On a typical Wednesday night, Allison delivers a lecture on a topic like working through grief and then asks participants to discuss the experiences they've had since the group last met.
"They have to present a case study of a chaplain visit. They present it to the group and the group critiques them, giving them encouragement and challenging them. The group might ask, 'Why did you say this when the patient said that?'" Allison said.
Chaplaincy training also includes personal spiritual care, such as conversations about a student's own experiences with trauma, Huffaker said.
"One of the things CPE supervisors look for is they want to be sure that a person is not coping with so much of their own stuff that they can't be available to others," she said.
The overall goal of training programs isn't to provide handy conversational tricks or a list of questions to ask. Instead, chaplains emerge with a deeper understanding of themselves and a recognition that they'll do their best work if they let patients take the lead, Peterson said.
"You learn how to have a calm pastoral presence, a non-anxious presence, regardless of the chaos around you," Peterson said.
Unlike pastors or missionaries, chaplains aren't called to evangelize. They work in multifaith contexts, responding to the needs of patients rather than pushing their own agenda.
"What they provide, what is most important and effective, is presence," Huffaker said.
They measure their efforts in terms of how comfortable a patient is, rather than counting up the number of prayers they've said in a day or the souls they think they've saved.
"The chaplains I know have a certain kind of groundedness to them. If you can't depend on external measures and you're dealing with people who may or may not respond in a predictable way, you have to learn that it's not about you," Huffaker said.

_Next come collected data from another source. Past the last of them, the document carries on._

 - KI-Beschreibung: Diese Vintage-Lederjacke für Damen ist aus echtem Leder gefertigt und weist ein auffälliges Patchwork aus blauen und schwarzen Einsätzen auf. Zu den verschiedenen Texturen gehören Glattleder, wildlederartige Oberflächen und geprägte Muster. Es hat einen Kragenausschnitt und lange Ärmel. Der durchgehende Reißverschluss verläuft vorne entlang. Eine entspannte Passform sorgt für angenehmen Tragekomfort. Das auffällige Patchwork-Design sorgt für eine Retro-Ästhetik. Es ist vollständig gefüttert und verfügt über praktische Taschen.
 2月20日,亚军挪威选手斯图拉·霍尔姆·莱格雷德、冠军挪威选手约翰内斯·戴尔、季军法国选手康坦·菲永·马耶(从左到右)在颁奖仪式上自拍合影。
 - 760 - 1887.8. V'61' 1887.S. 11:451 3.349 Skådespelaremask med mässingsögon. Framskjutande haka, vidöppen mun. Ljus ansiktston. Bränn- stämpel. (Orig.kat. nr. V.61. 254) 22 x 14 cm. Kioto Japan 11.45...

Peterson noted that some of her most meaningful work has been made possible by silence. She'll come into a patient's room, start a casual conversation and stay open to whatever happens next.

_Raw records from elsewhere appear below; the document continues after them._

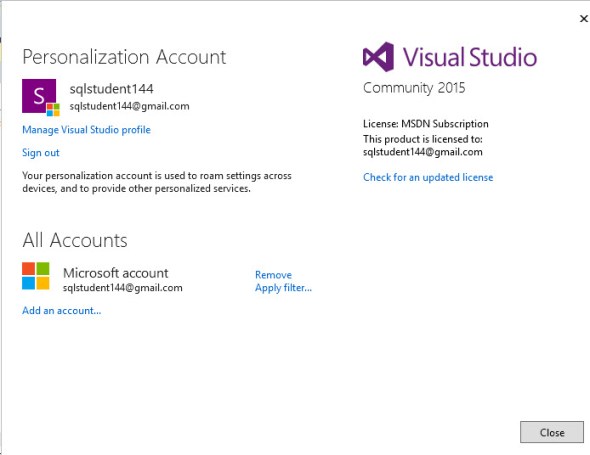 Here you can sign into your Microsoft account and associate it with Visual Studio.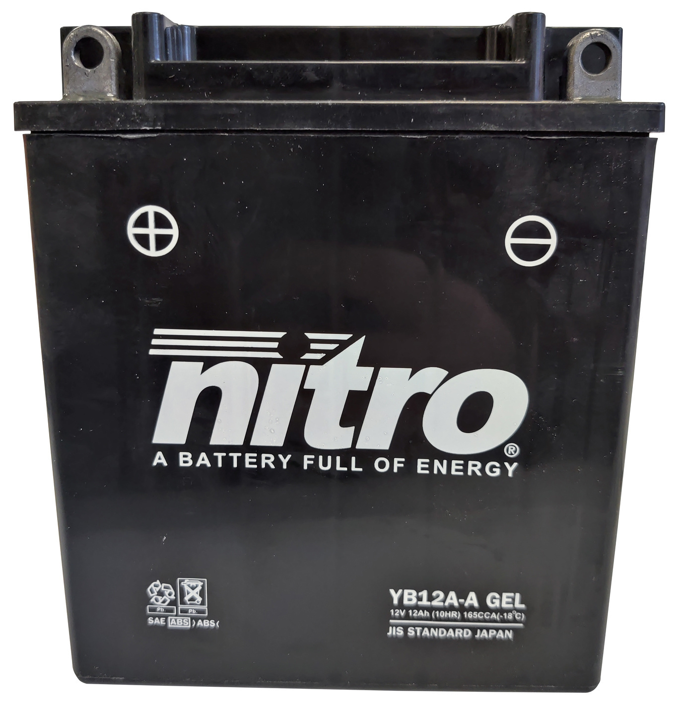 L'ultima evoluzione nelle batterie sono le batterie Valve Regulated & Wet Charged. Grazie a una tecnologia molto innovativa, queste batterie sigillate hanno una maggiore capacità di avviamento per un volume di batteria più piccolo. Fondamentalmente questi tipi utilizzano la stessa tecnologia di ricombinazione del gas con valvole di sfiato delle batterie Maintenance Free, ma la differenza più importante è che queste batterie sono fornite sigillate e già riempite di acido. Grazie alla tecnologia AGM GEL (Absorbent Glass Matt), queste batterie sono progettate per l'uso in qualsiasi posizione. Modello YB12A-A GEL.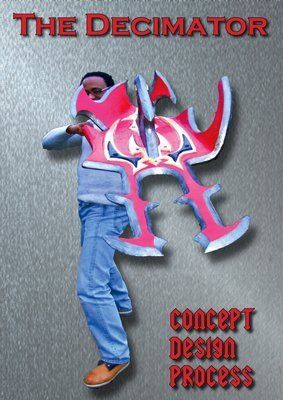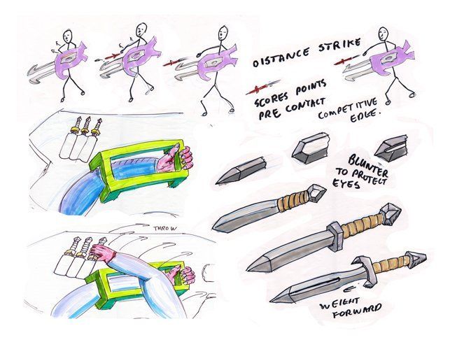 To add value a light weight single handed sword was added that could be sheathed into the sword under the arm. This would give the advantage of surprise, suddenly turning one confusing exotic weapon into two. Given the Decimator’s primary purpose is to grab and trap opponent’s weapons and opponents themselves, once trapped it helps to have something to hit them with ergo the secondary weapon sword. Alternative weapons could be sheathed but the swords would be easiest to draw.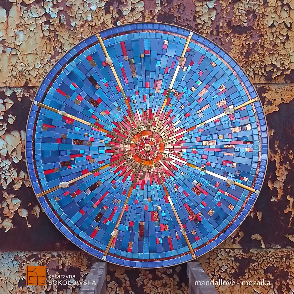 Mandala MIRACOLO w technice mozaiki ceramika ręcznie szkliwiona i wypalana w piecu ceramicznym, szkło weneckie Orsoni Venezia 1888, kamienie szlachetne, ceramika pokryta 24 karatowym złotem do powieszenia

"Good spiritual care is care that provides space for the patient or family member that you are visiting with to say and work through whatever it is that might be on their heart," she said. "I don't necessarily need to ask something profound for a patient to say something profound."
It sounds like a simple process, but it can take years of training for aspiring chaplains to overcome the urge to fill awkward silences or make blanket statements about God's healing powers, chaplaincy experts said.
"Sometimes people think we're bringing advice or cheering people up. We're not doing that," Shanti said. "I'm there to listen to people more deeply than they've probably ever been listened to before."
Through their ministry of listening, chaplains bring peace to people who feel like their world is falling apart, said Salt Lake City Police Department Assistant Chief Tim Doubt, who received an honorary chaplaincy certification at Wednesday's ceremony.
When the chief is out of town, Doubt gets the calls with bad news, dealing with injured officers or tragic shootings, he said. In those situations, "I ask, 'Have we called the chaplains?' They help get things settled down."